Open BigQuery Studio in the Google Cloud console, navigate to the Connections page.
Click Create Connection.
Under Connection type, choose Vertex AI remote models.
Choose a region. It is easiest to use the same region you already use in BigQuery for storing and querying your data.
Optional, give it a friendly name and a description.
Click Create connection.
You now have a connection to Vertex AI. The next step is to give the connections service account the right permissions.
Set Permissions for Vertex AI in BigQuery
Click on the newly created Connections name, in our example “vertex-demo”.
Here you can see details for your connection.
Copy your Service Account ID, this is the service account used to access Vertex AI.
Navigate to IAM in Google Cloud.
Click Grant access.

Paste your Service Account ID in New principals.
Select Vertex AI User and BigQuery Job User as new roles.
Click Save and verify.
Your connection to Vertex AI is now ready to use!
Structure of the Generative AI Functions in BigQuery
No matter which AI function you choose, a few parameters stay the same.
Prompt: A free-text prompt with the instruction or question you want answered.
Endpoint: The model in Vertex AI you want to use. You can leave this empty, and Vertex AI will choose a suitable model for you.
Connection_id: The connection we created earlier. Write it in the format europe-north1.vertex-demo.

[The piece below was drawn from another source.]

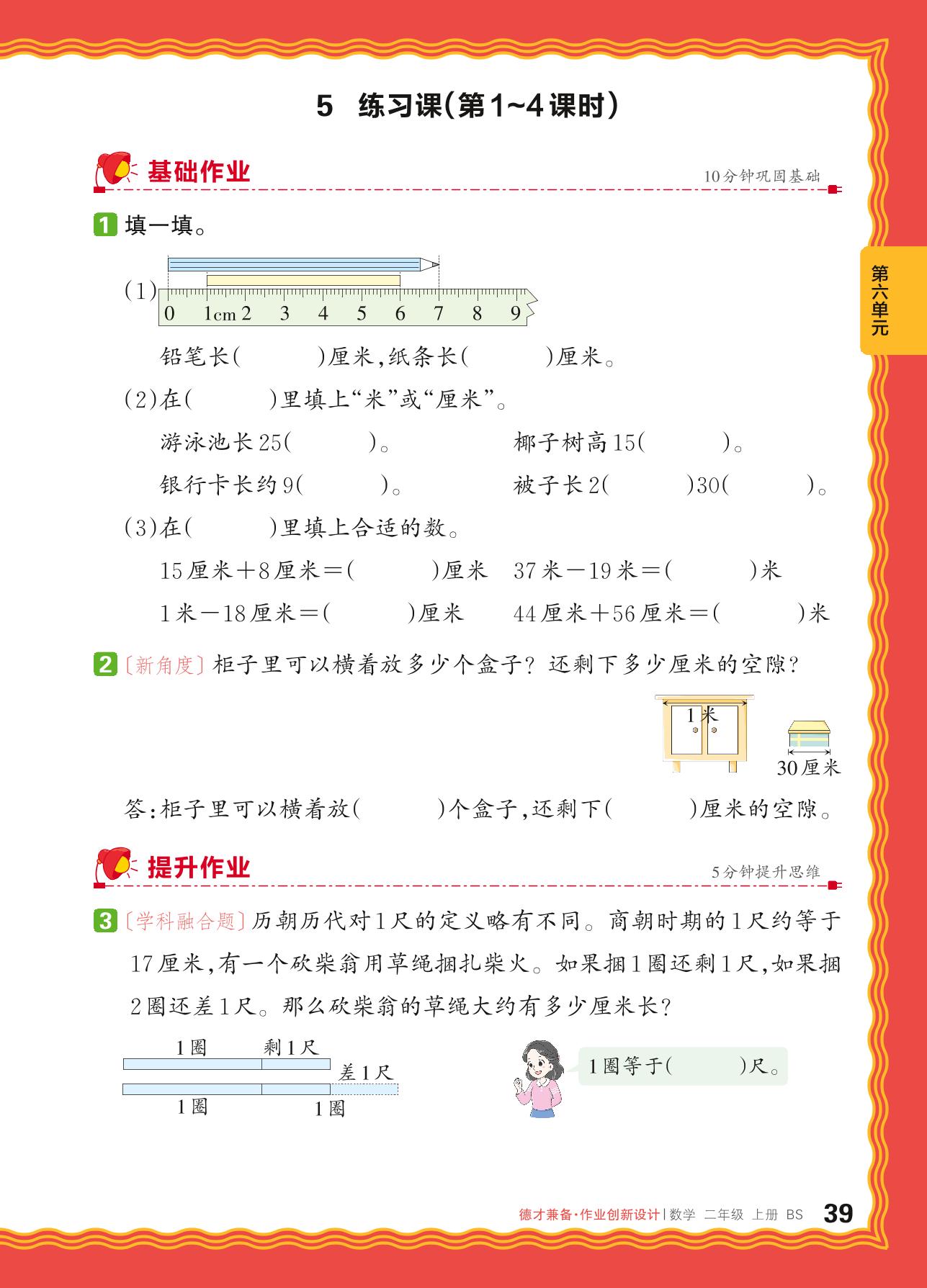 2024秋上册二年级数学北师版 第六单元 测量练习课_R240819141851288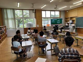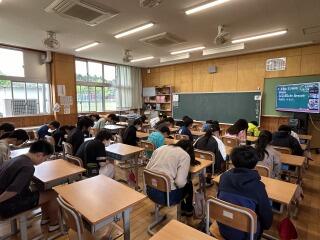 どの学級も、モニターを見ながら係の先生の話を真剣な表情で聞いていました。

Output_schema: Some functions let you set an output schema, but not all. This makes sure the response follows a specific structure.
How a simple prompt with the AI.GENERATE can look:
SELECT
AI.GENERATE (('What is the capital of England?'),
connection_id => 'europe-north1.vertex-demo',
endpoint => 'gemini-2.0-flash',
output_schema => 'result STRING')
as prompt_response
In the example above we use our connection, named vertex-demo, in the region europe-north1.
We choose to use the gemini-2.0-flash model, but we could leave this out and let Vertex AI choose a suitable model.
We also set an output_schema to ensure that the output will be a column named result of the type STRING
Now when we have a connection and understand the basics, let´s try a few different AI functions!
There are many to choose from, and we will highlight a few and their potential use cases. To see the full list, go to Generative AI functions in BigQuery.
AI.GENERATE()
Lets look at one of the available functions, AI.GENERATE sends a prompt to an LLM model and returns a generated response. You can use it to summarize text, rewrite content, extract insights, or create structured output. AI.GENERATE is the most flexible of the AI functions.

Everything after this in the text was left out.